Current status of PRSP in Japan based on JANIS data

The Japan Nosocomial Infections Surveillance (JANIS) collects comprehensive information on antimicrobial resistance of S. pneumoniae detected in Japan.  When JANIS data are interpreted using the reporting criteria revised in April 2025, penicillin resistance rates increased across all age groups from 2018 to 2023 in both blood-derived isolates (2018: 25.7%; 2023: 36.2%) and cerebrospinal fluid-derived isolates (2018: 31.8%; 2023: 50.9%) (see p.28 of this issue).

PRSP in adult IPD in Japan

In addition to sentinel surveillance under the Infectious Diseases Control Law, epidemiological studies on adult IPD conducted as part of the Ministry of Health, Labour and Welfare research project, “The enhanced adult invasive pneumococcal disease surveillance study” have provided important information on PRSP detected from adult IPD cases in Japan.  While this study uses resistance criteria compliant with CLSI, among adult (aged ≥15 years) IPD-derived isolates collected during 2013-2024, the penicillin resistance rate (MIC ≥0.125 μg/mL) among meningitis-derived isolates (n= 403) was 38.5%.  In contrast, among non-meningitis-derived isolates (n=2,624), the penicillin reduced susceptibility rate (MIC = 4 μg/mL) was 0.9%, and the penicillin resistance rate (MIC ≥8 μg/mL) was 0.5% (see p.30 of this issue).

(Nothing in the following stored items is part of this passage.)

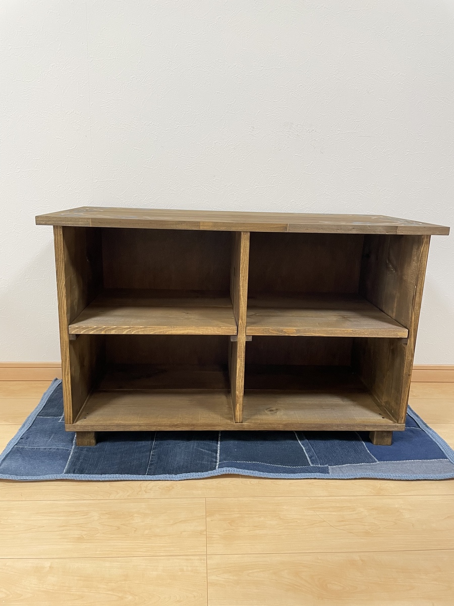 デニムパッチワークのマットもローシェルフにマッチしていてお洒落です✨
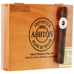The Ashton Aged Maduro No. 40 is a mild to medium strength toro that is handmade at Tabacalera Fuente in the Dominican Republic. Its Dominican binder and filler are covered by a delectable USA Connecticut Broadleaf maduro wrapper. This carefully aged cigar delivers a natural sweetness that is accented with notes of black pepper, chocolate, and nuts. The Ashton Aged Maduro received an enviable 92 rating from Cigar Aficionado in 2018.
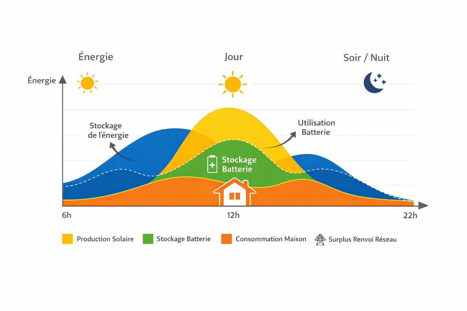 👉 Elle stocke automatiquement l’énergie solaire non consommée.
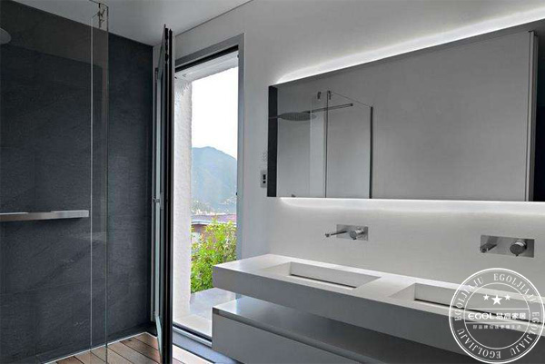1. 衛生間洗漱臺設計。清晨起床大多都會先進行一番洗漱,人數較多的家庭一般都會選擇排隊挨個進行,甚至有些家庭因為實在來不及選擇在廚房或者陽臺洗漱。針對這種情況,在裝修時我們可以定制帶有兩個洗漱盆的洗漱臺。兩個小小的洗漱盆和兩個水龍頭,可以兩個人同時使用,既不會浪費空間,又能減少整個家庭排隊洗漱時間。在洗漱臺上可以選擇定制鏡柜,這樣就在解決整理儀容問題的同時,也解決了全家成員牙膏牙刷護膚等個人用品的收納問題。另外,在鏡柜的上方建議安裝鏡前燈。經常在衛生間化妝的女士應該都知道,照鏡子時,頂上的燈光剛好被人體擋住,有了鏡前燈,不管是女士們化妝還是男士剃胡須,都會更加方便。
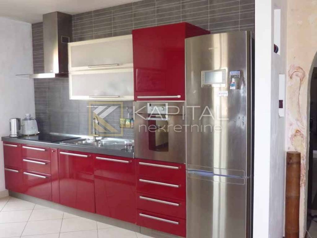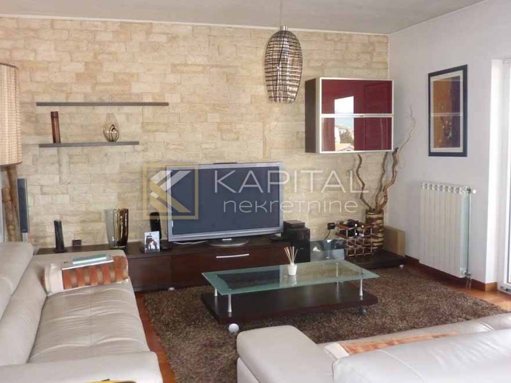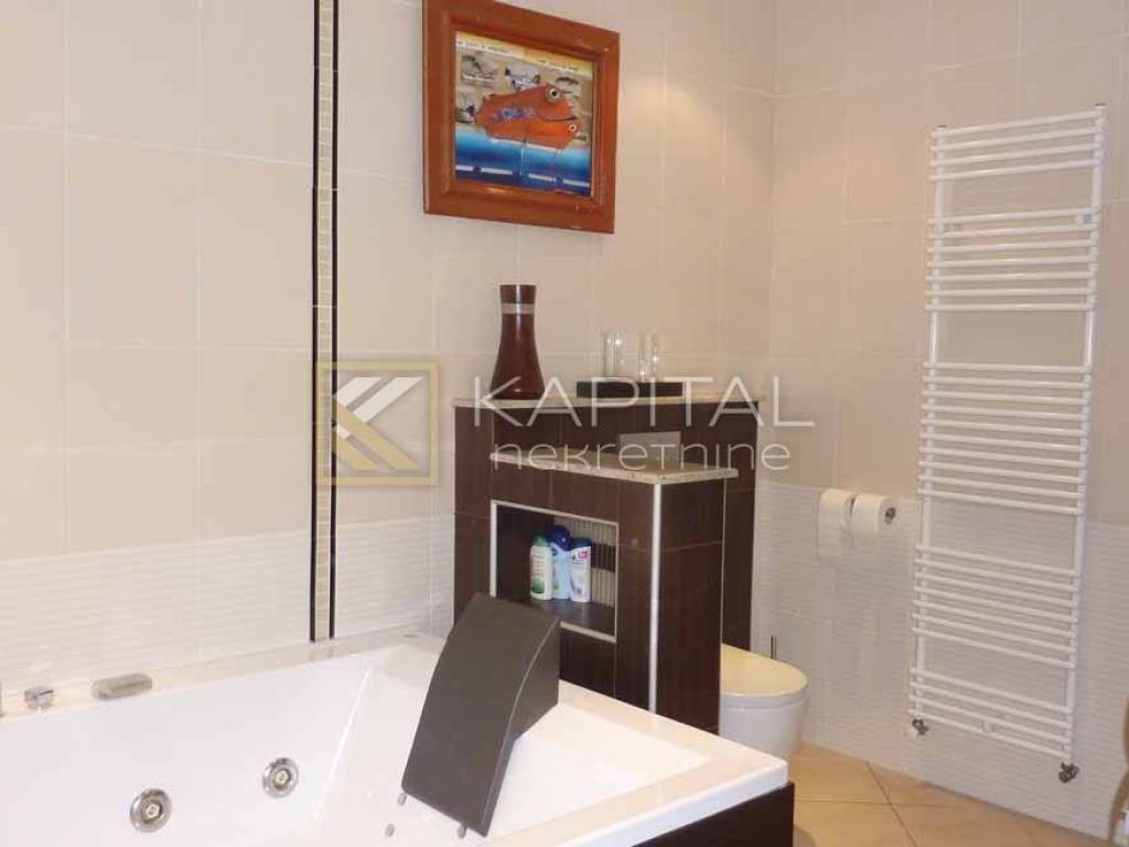 Rijeka, Turkovo luxury floor of an urban villa on the second floor in a quiet cul-de-sac. The floor is spread over 204 m2. It has its own garden with two parking spaces of approximately 150m2, basement of 22m2. A property that exudes luxury and quality. Each room is very comfortable, equipped with designer furniture and top quality materials. 3 bedrooms (30 m2, 18 m2, 10 m2), two bathrooms, a large hallway with fitted wardrobes and a one-room large living room with kitchen and a spacious loggia of 15 m2 with a view of the entire Kvarner. Central heating and air conditioning. All fixed pieces of furniture and equipment remain in the price. A rarity in real estate! For all information call 091 / 450-5150.
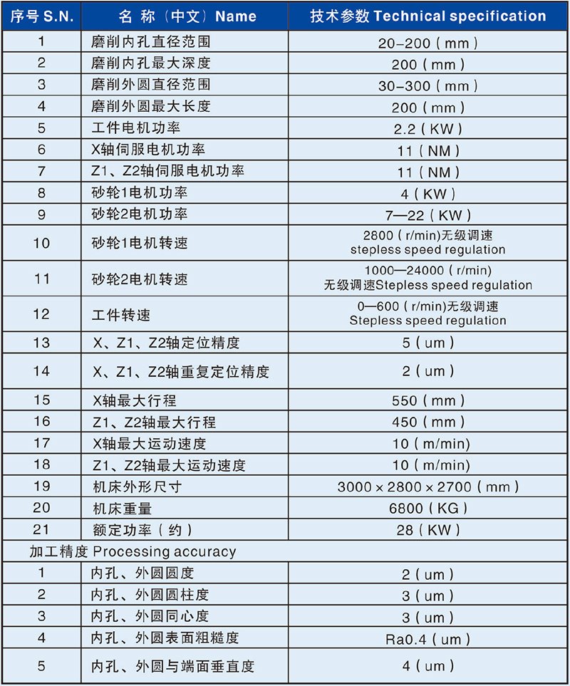 ●本機床爲三軸(X進給、Z1砂輪、Z2砂輪軸)二聯動數控複合磨👩🏿❤️💋👨🏽床🏃🏻♀️,主要用…于磨削工件的内圓孔、内錐孔、台階孔、内端面、外圓、外端面。磨削😵💫循環均自動完成(具有自動進刀、退刀、粗磨、精磨🛌🏻;自動修正砂輪、自動補償等功能)。
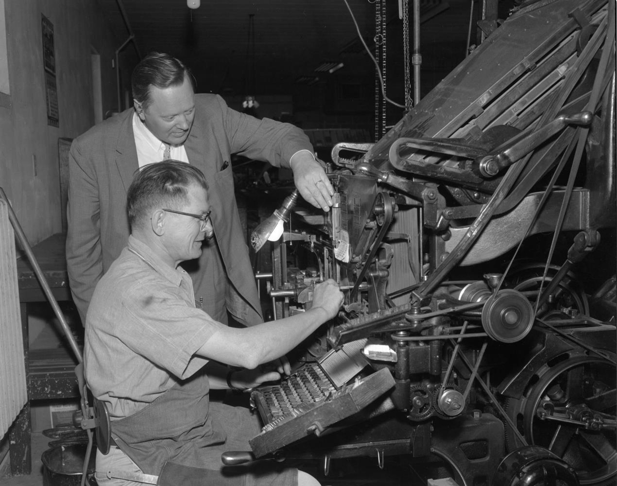 Andrés Kristjánsson, ritstjóri, fylgist með setjara við störf í Ameríkuferð íslenskra blaðamanna.
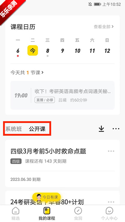 2、进入课程中心界面,分为“系统班”和“公开课”栏目,
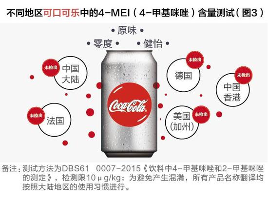 測試結果顯示,可口可樂在5個國家和地區的15款不同類型的可樂均未檢出4-MEI。(如圖3)
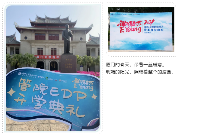 4月24日,厦门大学管理学院EDP中心举办了这场“不Eyoung”的开学典礼。典礼通过启、承、转、合四个篇章依次展开。
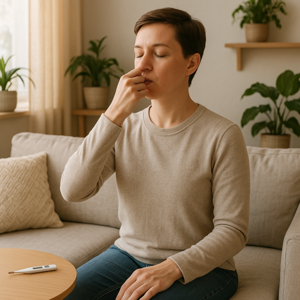 - Fermez une narine : Utilisez votre pouce pour boucher une narine tout en gardant l'autre ouverte.
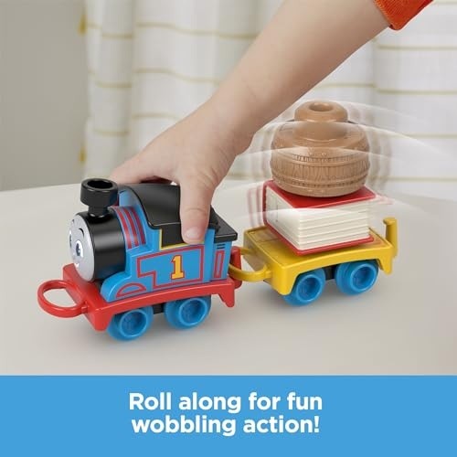 - Fun stacking & wobbling action: Stack the shape blocks on the cargo car and watch them wobble as the train is rolled along
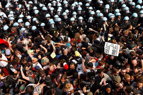 The police cordon tightened around the remaining crowd. I looked around for my wife. She was surrounded by police, and I could only see her hands held up high, giving the peace sign. My daughter was somewhere further in the crowd and, because of what I saw, I was frightened for her. Then the cops started driving us back, demanding that we leave the area. They pushed us with their nightsticks and there was a discernible threat of violence in their demeanor.

PRSP in pediatric IPD in Japan

Suga et al. have continuously conducted active surveillance of pediatric (aged <15 years) IPD since 2008 (see p.31 of this issue).  According to reports from this research group, among isolates registered from 2008 through March 2024, the penicillin resistance rate among meningitis-derived isolates (n=209) was 49.8%, the penicillin reduced susceptibility rate in non-meningitis-derived isolates (n=1,511) was 1.3%, and the penicillin resistance rate in non-meningitis-derived isolates was 0%.  In addition, among meningitis-derived isolates, the resistance rate was 65.3% before the introduction of PCV7 (2008 to January 2010), whereas it was 39.6% from November 2013 onward after the introduction of PCV7 and PCV13.  This decrease is considered to be attributable to the fact that PCV7 and PCV13 covered serotypes 6B, 23F, 19F, 14, and 19A, which were the predominant serotypes among PRSP at that time.

PRSP clones circulating in Japan

In Japan, 19A-ST3111 and 15A-ST63 were predominant PRSP clones around the period before and after the introduction of PCV7 (see pp.34 and 35 of this issue); however, after serotype 19A became covered by PCV13, 19A-ST3111 is now rarely detected.  In addition, since the introduction of PCV13, 35B-ST558 has gradually increased.  Recently, 35B-ST156 has been appearing (see p.36 of this issue), and attention should be paid to its trends.

Summary

The number of PRSP infection reports has decreased since peaking around 2004; however, in recent years, resistance rates have been increasing.  Although the number of IPD cases itself decreased since 2020 in association with the COVID-19 pandemic, if IPD increases in the future, there is a concern that IPD caused by PRSP will also increase.  Attention is warranted regarding how dissemination of each PCV vaccine, in pediatric and adult populations in Japan, will affect increases and decreases of PRSP clones and the emergence of new clones.